- **PROMPT**:
Using the data below, transcribe exactly everything from the line that contains "Die struck, hand-engraved" down to the line that contains "2457 - أَخْبَرَنَا". Include both of those lines and none of the pictures.

- **EXCERPTED RECORDS**:
-----

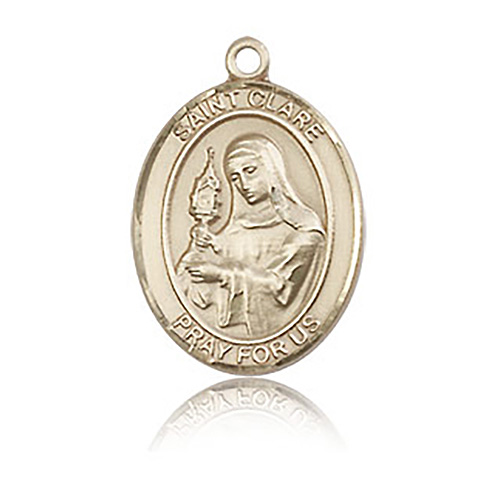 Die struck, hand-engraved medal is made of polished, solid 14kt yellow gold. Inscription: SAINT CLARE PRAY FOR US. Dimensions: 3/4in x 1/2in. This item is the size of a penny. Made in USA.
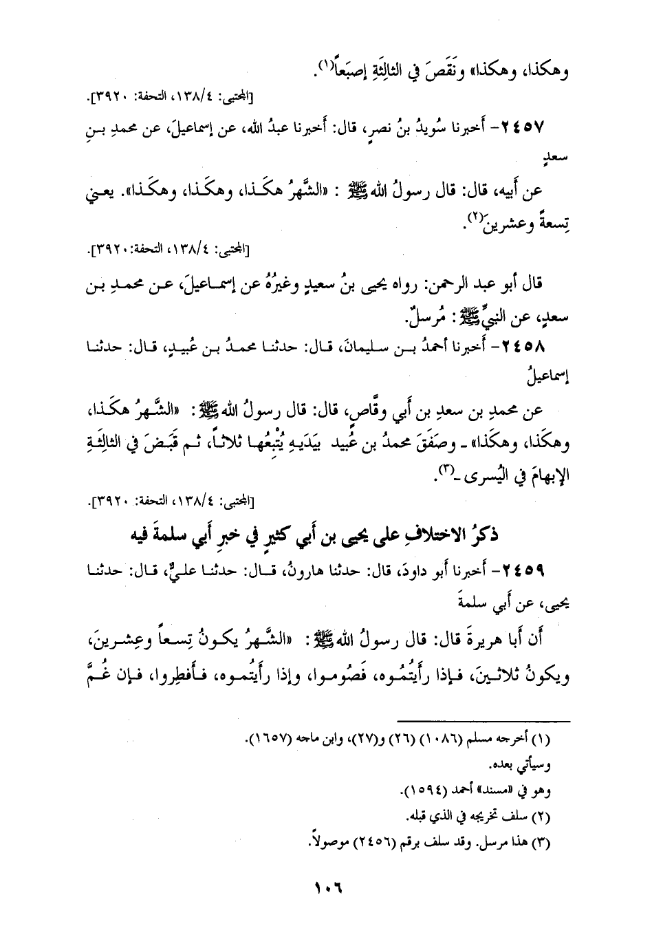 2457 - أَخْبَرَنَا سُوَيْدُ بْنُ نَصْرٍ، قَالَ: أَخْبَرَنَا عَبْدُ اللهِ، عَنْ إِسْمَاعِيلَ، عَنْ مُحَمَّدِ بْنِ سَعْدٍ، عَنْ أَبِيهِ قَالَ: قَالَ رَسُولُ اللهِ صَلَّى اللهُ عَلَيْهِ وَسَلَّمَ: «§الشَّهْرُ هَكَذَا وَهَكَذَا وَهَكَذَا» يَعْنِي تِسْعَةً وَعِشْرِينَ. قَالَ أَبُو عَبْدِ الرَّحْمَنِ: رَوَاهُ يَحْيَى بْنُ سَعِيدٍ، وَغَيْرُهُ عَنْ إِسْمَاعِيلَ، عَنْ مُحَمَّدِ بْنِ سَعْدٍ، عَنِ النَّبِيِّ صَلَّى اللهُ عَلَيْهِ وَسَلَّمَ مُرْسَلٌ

-----

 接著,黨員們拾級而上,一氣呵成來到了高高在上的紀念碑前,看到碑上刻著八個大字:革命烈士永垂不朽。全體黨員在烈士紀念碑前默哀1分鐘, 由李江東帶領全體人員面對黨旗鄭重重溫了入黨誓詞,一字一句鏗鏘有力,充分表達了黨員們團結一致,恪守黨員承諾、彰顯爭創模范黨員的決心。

-----

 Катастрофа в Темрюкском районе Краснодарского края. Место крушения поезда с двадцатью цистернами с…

-----

- **SOLUTION TO THIS PROBLEM**:
 Die struck, hand-engraved medal is made of polished, solid 14kt yellow gold. Inscription: SAINT CLARE PRAY FOR US. Dimensions: 3/4in x 1/2in. This item is the size of a penny. Made in USA.
 2457 - أَخْبَرَنَا سُوَيْدُ بْنُ نَصْرٍ، قَالَ: أَخْبَرَنَا عَبْدُ اللهِ، عَنْ إِسْمَاعِيلَ، عَنْ مُحَمَّدِ بْنِ سَعْدٍ، عَنْ أَبِيهِ قَالَ: قَالَ رَسُولُ اللهِ صَلَّى اللهُ عَلَيْهِ وَسَلَّمَ: «§الشَّهْرُ هَكَذَا وَهَكَذَا وَهَكَذَا» يَعْنِي تِسْعَةً وَعِشْرِينَ. قَالَ أَبُو عَبْدِ الرَّحْمَنِ: رَوَاهُ يَحْيَى بْنُ سَعِيدٍ، وَغَيْرُهُ عَنْ إِسْمَاعِيلَ، عَنْ مُحَمَّدِ بْنِ سَعْدٍ، عَنِ النَّبِيِّ صَلَّى اللهُ عَلَيْهِ وَسَلَّمَ مُرْسَلٌ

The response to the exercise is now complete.